Models were getting surprisingly good at two things at once: generating SVGs and understanding text. That made me wonder whether those two strengths could be combined into something much bigger. If a model can understand a story and also generate vector characters and scenes, could those SVGs become animated too? And if they could, could that lead to something beyond just making moving images and turn into a real cartoon-making system?

That question eventually turned into Cartoon 2D.

AI should direct the cartoon. The engine should make it playable.

The Real Problem

A lot of AI creative tools are excellent at giving you one impressive result.

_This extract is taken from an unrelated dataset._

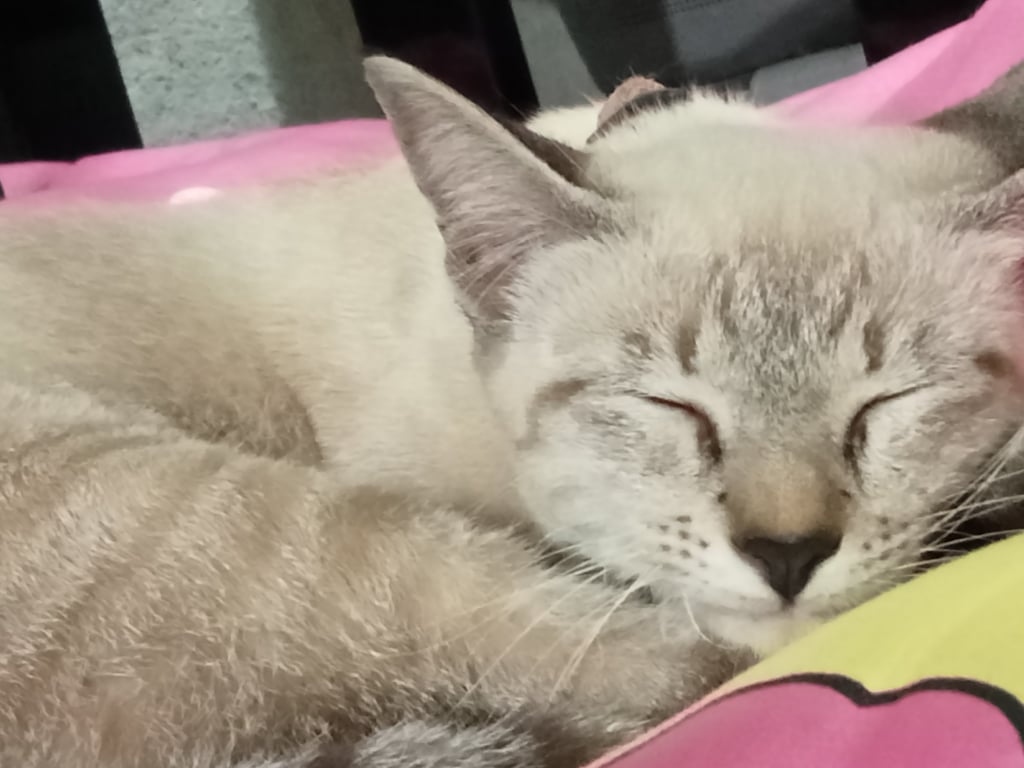 รอยตำหนิ: มีลายที่ต้นขาและหน้าผากมีปลอกคอสีชมพู ตาสีฟ้า

But once you try to make something longer, the cracks start to show. Characters drift. Motion gets weird. Timing becomes inconsistent. Costs rise because too much has to be regenerated from scratch. And even when the output looks good in a still frame, it may stop feeling good the second it starts moving.

That was probably the most important realization in the project: making something that looks nice is not the same as making something that animates well.

And if the goal is long-form storytelling, that difference matters a lot.

Why Long-Form Cartoons Make Sense

I was not especially interested in building a one-shot clip generator. What felt more interesting was the possibility of building something that could support longer stories.

Long-form cartoons are actually a very good fit for this kind of system, because they naturally have recurring characters and lots of dialogue. That means a lot of expensive work only has to be done once.

If you can rig a character once, stabilize their design once, assign them a voice once, and build a reusable set of motion patterns once, the whole system becomes much cheaper and much more predictable. Instead of regenerating everything from zero in every new scene, you start reusing the same actor across the story.

That is a big part of why this project made sense to me. Reuse is not just a bonus. It is the whole economic advantage.

The Architecture Shift

One of the biggest lessons from earlier attempts (ADK + bidi-streaming) was that animation does not just need generation. It needs control.

You need a timeline. You need scrubbing. You need previews. You need to be able to fix one scene without destroying the next. You need to reuse a character without reinventing them every time they appear.

That led to the architectural decision that made the whole project start working:

AI should describe intent. Deterministic code should execute it.

Once I stopped treating the model like a system that should directly output final animation and started treating it more like a creative director, the project became much more coherent. The model could focus on structure, description, scene intent, motion intent, and assets. The runtime could focus on validation, compilation, playback, reuse, and export.

How Cartoon 2D Works

The workflow starts with a text prompt.

Gemini generates structured scene beats, comic-style scene images, dialogue cues, and motion intent. From there, the system turns those outputs into something the runtime can actually use.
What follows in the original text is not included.